Why is this interesting?
Diplomacy is a classic game of negotiation and balance of power that poses unique challenges in both strategy and communication. It's an interesting test-bed for game theory and complex decision making.

We test if modern LLMs can reason about alliances, plan multi-stage maneuvers, and negotiate effectively—zero-shot. Surprisingly, some models exhibit coherent strategic thinking and can form (and break) alliances in ways that mirror human play.

Here's a game with sonnet-3.7 playing as Austria (the red player), reaching the win condition after 14 turns:

game_animation.mp4

Overview

Game Structure

In our test setup, games are run for up to 50 game-years, with a 4-round negotiation phase before each movement turn. The test model we are examining always plays as Austria (AUT), which has a challenging centre start. The competing models are all powered by gemini-2.0-flash-001 and given a character card for personality & play style.

Each Power (e.g., France, England, Germany) is controlled by a separate LLM. These LLMs communicate and negotiate with each other through short messages (the “press” or “missives”) multiple times each turn, then decide on final orders (moves).
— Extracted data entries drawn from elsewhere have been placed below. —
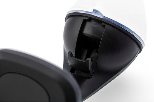 Plastový nastaviteľný držiak na mobil do auta, s prísavkou v dolnej časti pre pripevnenie na palubnú dosku alebo okno. Držiak sa dá rozšíriť až na 8,1 cm. Stlačením tlačidla sa držiak stiahne.
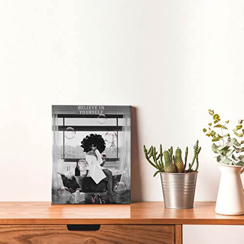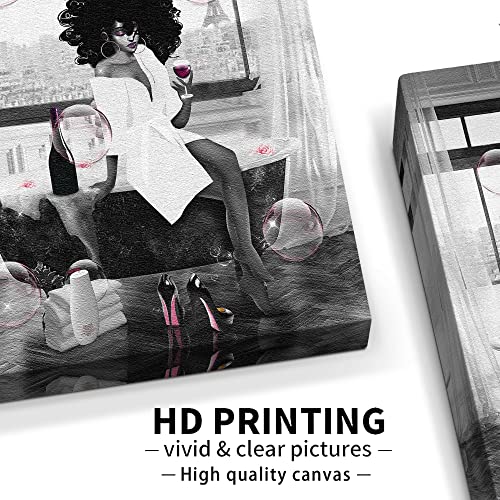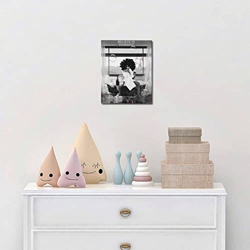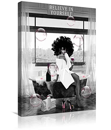WALLOHERE - تابلوه جداري من القماش جاهز للتعليق ومزود بإطار بتصميم عصري على شكل فتاة من أصل إفريقي في حوض الاستحمام، مناسب لديكور الحمام، 20.3×25.4 سم، متعدد الألوان
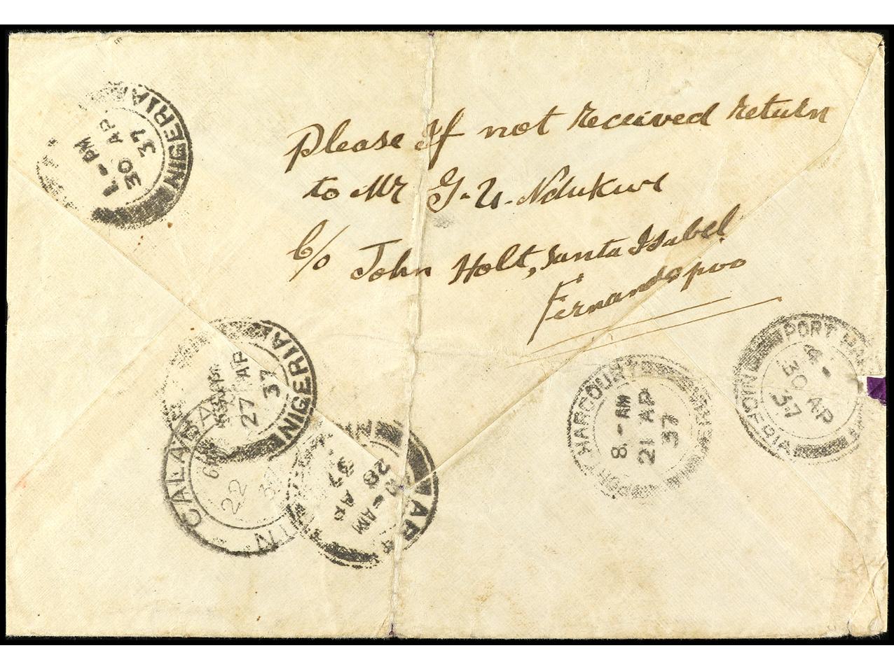 COLONIAS ESPAÑOLAS: GUINEA. 1937. STA. ISABEL a NIGERIA. Circulada con sellos locales con habilitación FRANCO SUBSCRIPCION NACIONAL de 10 cts. sobre 5 cts. castaño, carta devuelta. (Image1) (Image2)
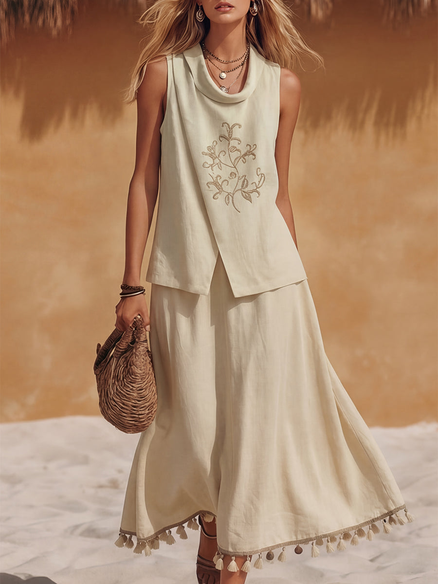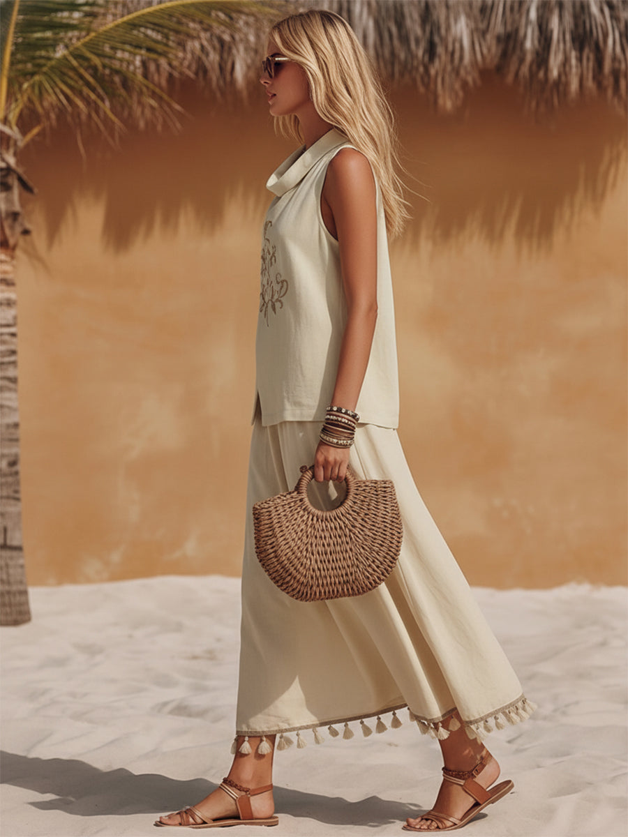 Bohemian Coast Sleeveless Beige Cotton Linen Draped Neck Embroidered Top And Tassel-Trimmed Cotton Linen Skirt Set

The game engine processes these orders, updates the board state, and continues until the game ends.

Sample Game Reports & Negotiation Logs

Note that these are just single games, so may not be representative of averaged performance over many trials. There will be significant variance of outcomes between iterations. From my testing, these samples are roughly indicative of how these models play.

The negotiation logs in these reports provide interesting insight into their different styles of negotiating.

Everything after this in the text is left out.